Daniel Lakens (attributing Einstein)
Criticizing somebody can be a great act of support. Because if somebody is going in the wrong path, you need to point it out.
Daniel Lakens
We create an environment where people have to look smart all the time.
Daniel Lakens
We have currently built in criticism in a very unfortunate point in the research cycle, namely where somebody already collected all the data, they wrote up their entire paper, then we send it off to some journal and the journal finds peer reviewers. Well, if you would think about how to best organize this system, this is not the moment to criticize people.
Daniel Lakens
The ego depletion effect is also an extremely important research finding for meta scientific reasons, not for the finding it was supposed to be. It tells us that we can have almost 200 studies in the scientific literature, that are part of a meta analysis. And we thought this is great, large effect, super relevant. And it turns out it was all nothing.
Daniel Lakens
I think the progress typically goes in one direction. So you rarely see a society fall back to a system where there's widespread corruption... And similarly, I don't really see us slip back into a system where people are p-hacking because the awareness is just there and you just feel bad about doing it now, whereas before you didn't realize.
Daniel Lakens
2 Protocols
Red Teaming Research
Daniel Lakens- Create a 'blue team' responsible for developing the research or software.

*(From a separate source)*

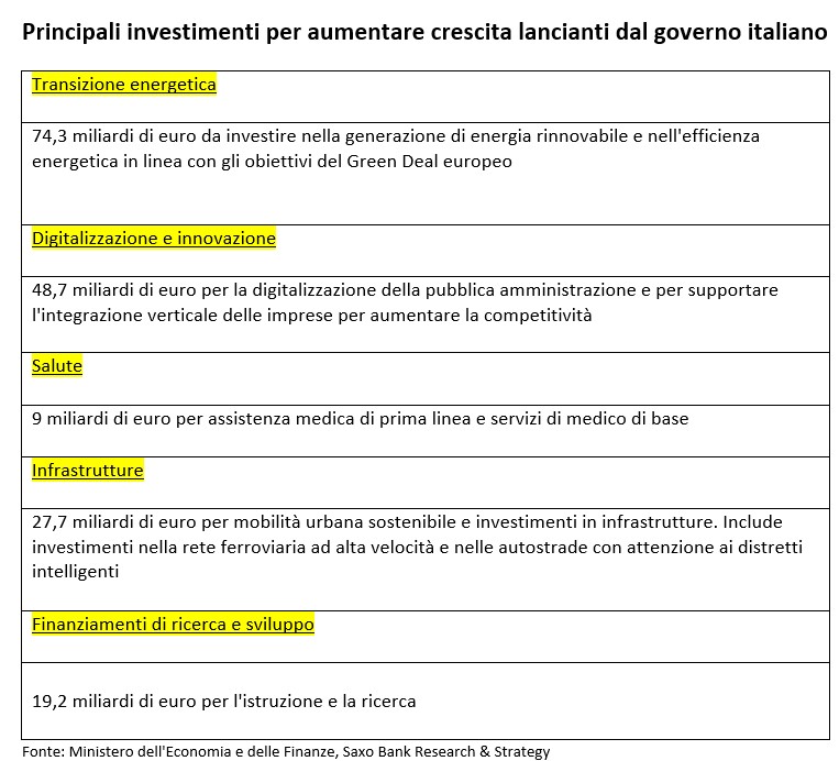 Draghi non ha ancora avuto il tempo di affrontare i problemi strutturali dell'economia italiana. Il rallentamento della produttività è uno di questi. I dati dell'OCSE mostrano che le aziende italiane con meno di 10 dipendenti, che costituiscono una grossa fetta del modello di business italiano, hanno livelli di produttività del lavoro inferiori rispetto a quelle estere. In media, il valore aggiunto per dipendente nelle aziende italiane rispetto alle aziende tedesche è inferiore del 35% in Italia rispetto alla Germania. Alcune possibili cause della scarsa produttività dell'Italia sono il basso livello di spesa per la ricerca (1,4% del PIL nel 2018 contro il 2,4% della media dei Paesi OCSE secondo gli ultimi dati disponibili) unito a investimenti insufficienti in istruzione e al ritardo accumulato l'adozione di nuove tecnologie. Al riguardo, gli investimenti individuati dal governo italiano (vedi tabella), che saranno finanziati dal pacchetto di ripresa Next Generation EU, potrebbero rappresentare una grande opportunità per aumentare la crescita della produttività del lavoro. L'attuazione di questi investimenti richiederà una stabilità politica che solo Draghi può portare, a nostro avviso.
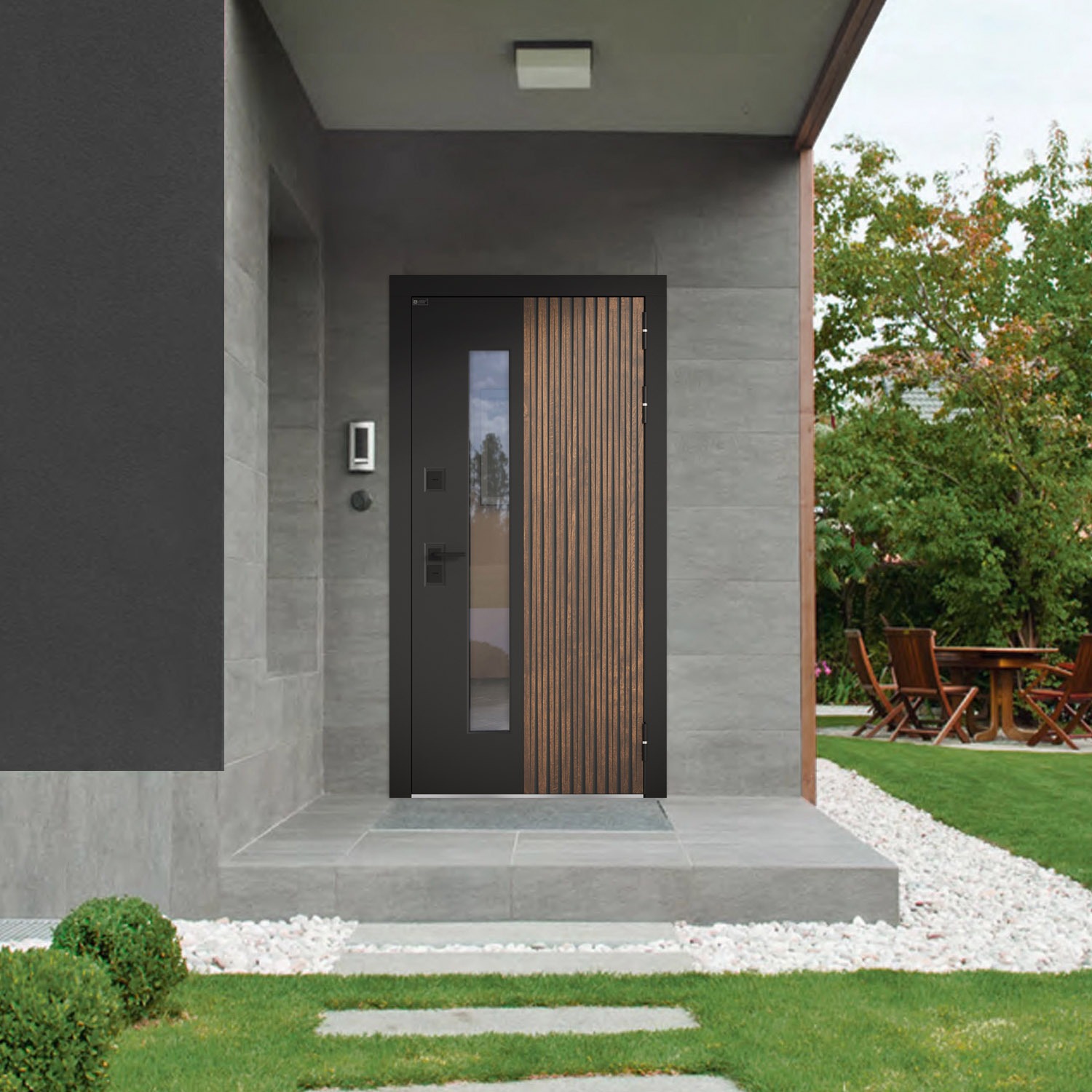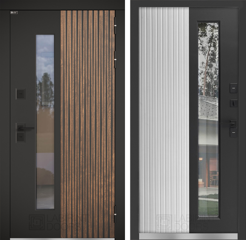 Отделка снаружи: Влагостойкая MDF панель 12 мм комбинированная в цвете «Magic Black silk» и «Орех грецкий» с патиной

- Form a dedicated 'red team' whose role is to actively criticize and attempt to break down the work of the blue team.
- Ensure the red team operates in a collaborative environment, with the goal of improving the blue team's final product.
- Staff the red team with diverse expertise, including perspectives not typically found in standard peer review.
- Implement the red teaming process much earlier in the research cycle, ideally before data collection, to prevent mistakes when they are easier and less costly to fix.
Improving Science Through Consensus Meetings
Daniel Lakens- Convene experts from a specific scientific field (e.g., once a decade, as in physics).
- Discuss and establish consensus on what is currently known and what remains unknown within the field.
- Identify critical research questions or tasks that require collective effort, such as specific replication studies, the development of standardized measurement tools, or long-term, difficult research projects.
- Coordinate efforts by assigning different groups or regions to specific tasks, leveraging shared resources.
- Actively build in and coordinate for a modest amount of desired variability and disagreement, rather than solely striving for complete consensus.